■ **Exercise aim**
Beginning at the top of the data below, restate every line word for word until the line containing "10月24日の全校集会では、" has been included, and omit the pictures.

■ **Material for the task**
☆ ☆ ☆ ☆
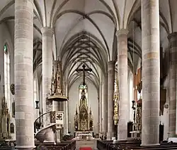 - Das Monumentalkruzifix aus der Werkstatt von Jörg Artzt (oder Arzt) entstand um 1520/30 und befindet sich an der Nordwand der Kirche.
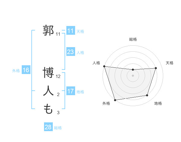 郭 博人もさんの総格は28画の1点!
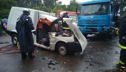 Caminhão de União da Vitória se envolve em acidente em Concórdia. Uma pessoa ficou gravemente ferida
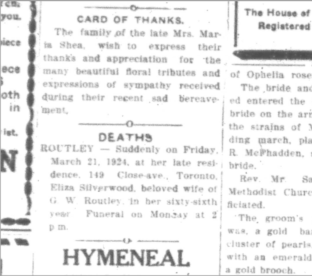 On March 21, 1924, Eliza Silverwood Routley passed away at her home at 149 Close Avenue, Toronto. (The house is gone, replaced by a Catholic school.)
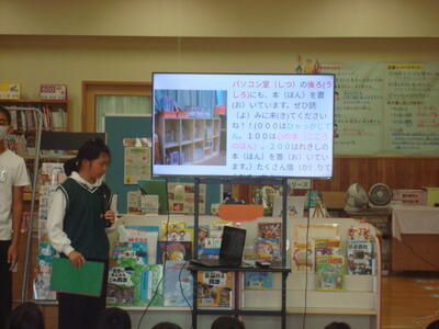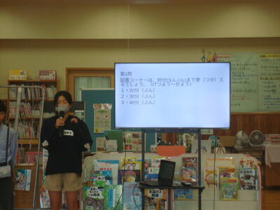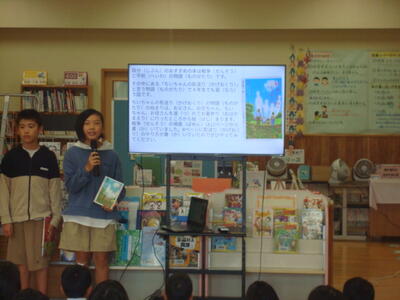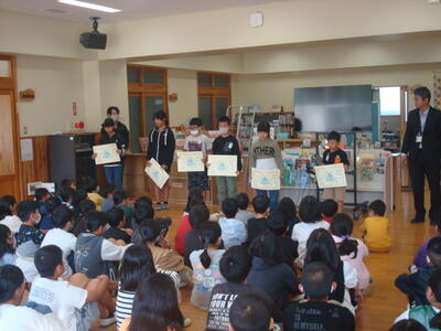 10月24日の全校集会では、図書委員会の子どもたちが、おすすめする本の紹介、イベント紹介(読書ビンゴ・しおりコンテスト)、図書コーナーに関するクイズ等を行いました。図書委員会の子どもたちは、自分の担当役割をしっかり果たし、説明の台詞も覚えて、しっかり堂々と伝えることができました。説明中の姿勢もよかったですよ。図書委員会の発表を聞いた子どもたちは、もっと本を読もうという気持ちが高まった感想を言っていました。そのように伝わってうれしいです。
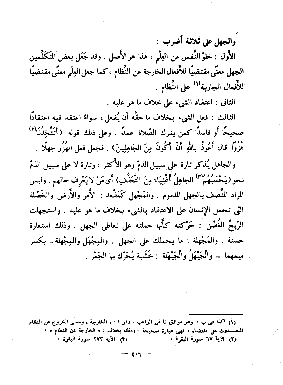 الثالث: فعل الشئ بخلاف ما حقًَّه أَن يُفعل، سواءٌ اعتقد فيه اعتقاداً صحيحاً أَو فاسداً كمن يترك الصّلاة عمداً. وعلى ذلك قوله {أَتَتَّخِذُنَا هُزُواً قَالَ أَعُوذُ بالله أَنْ أَكُونَ مِنَ الجاهلين} . فجعل فعل الهُزُو جهلاً.
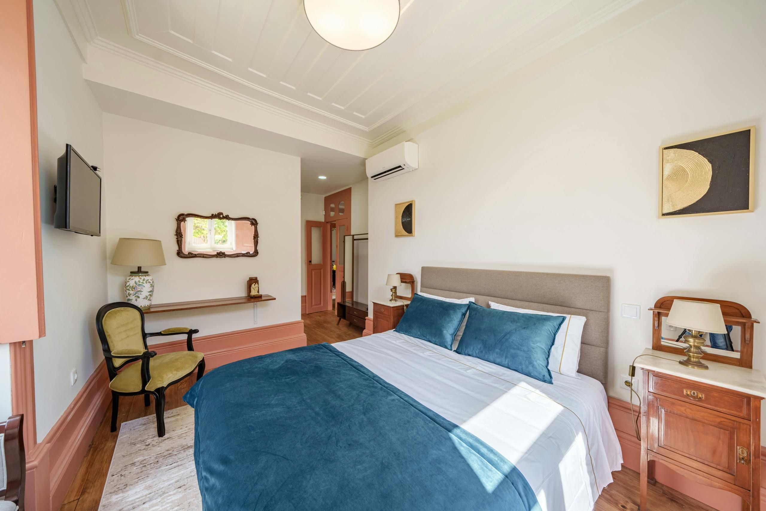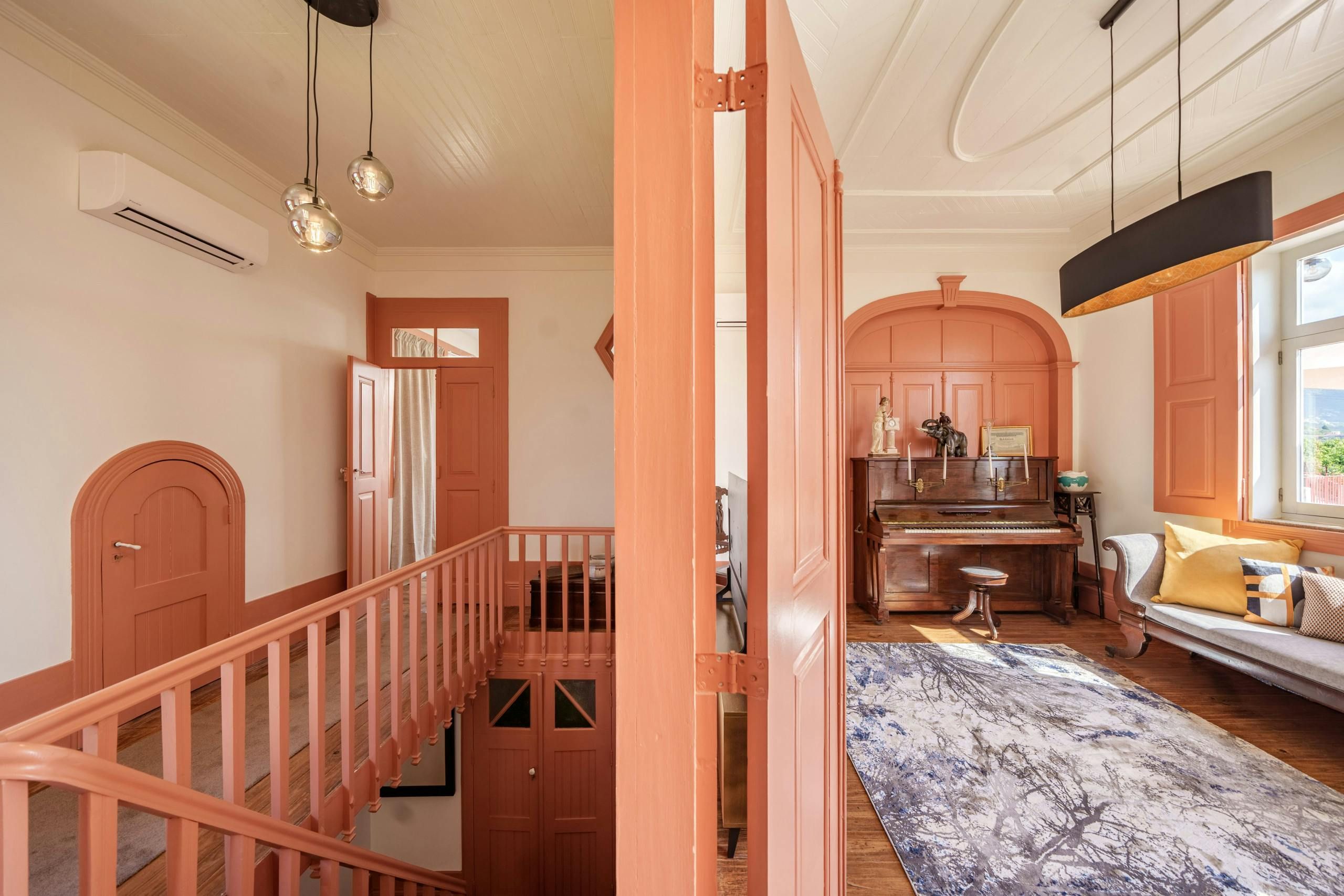 Drive up to this remarkable home and you’ll find yourself charmed from the outset. Its distinctively regional architecture – with its decorative red trim against white stucco walls – is a shining example of Portuguese eclectic design, and its unique aura continues both inside and outside its walls. Feel at home immediately with its cosy living room and its four bedrooms, each with ensuite bathroom – and relax into easy living outside, with its patios, spacious garden and the stunning swimming pool surrounded by sun loungers and umbrellas.
☆ ☆ ☆ ☆
■ **Exercise answer**
 - Das Monumentalkruzifix aus der Werkstatt von Jörg Artzt (oder Arzt) entstand um 1520/30 und befindet sich an der Nordwand der Kirche.
 郭 博人もさんの総格は28画の1点!
 Caminhão de União da Vitória se envolve em acidente em Concórdia. Uma pessoa ficou gravemente ferida
 On March 21, 1924, Eliza Silverwood Routley passed away at her home at 149 Close Avenue, Toronto. (The house is gone, replaced by a Catholic school.)
 10月24日の全校集会では、図書委員会の子どもたちが、おすすめする本の紹介、イベント紹介(読書ビンゴ・しおりコンテスト)、図書コーナーに関するクイズ等を行いました。図書委員会の子どもたちは、自分の担当役割をしっかり果たし、説明の台詞も覚えて、しっかり堂々と伝えることができました。説明中の姿勢もよかったですよ。図書委員会の発表を聞いた子どもたちは、もっと本を読もうという気持ちが高まった感想を言っていました。そのように伝わってうれしいです。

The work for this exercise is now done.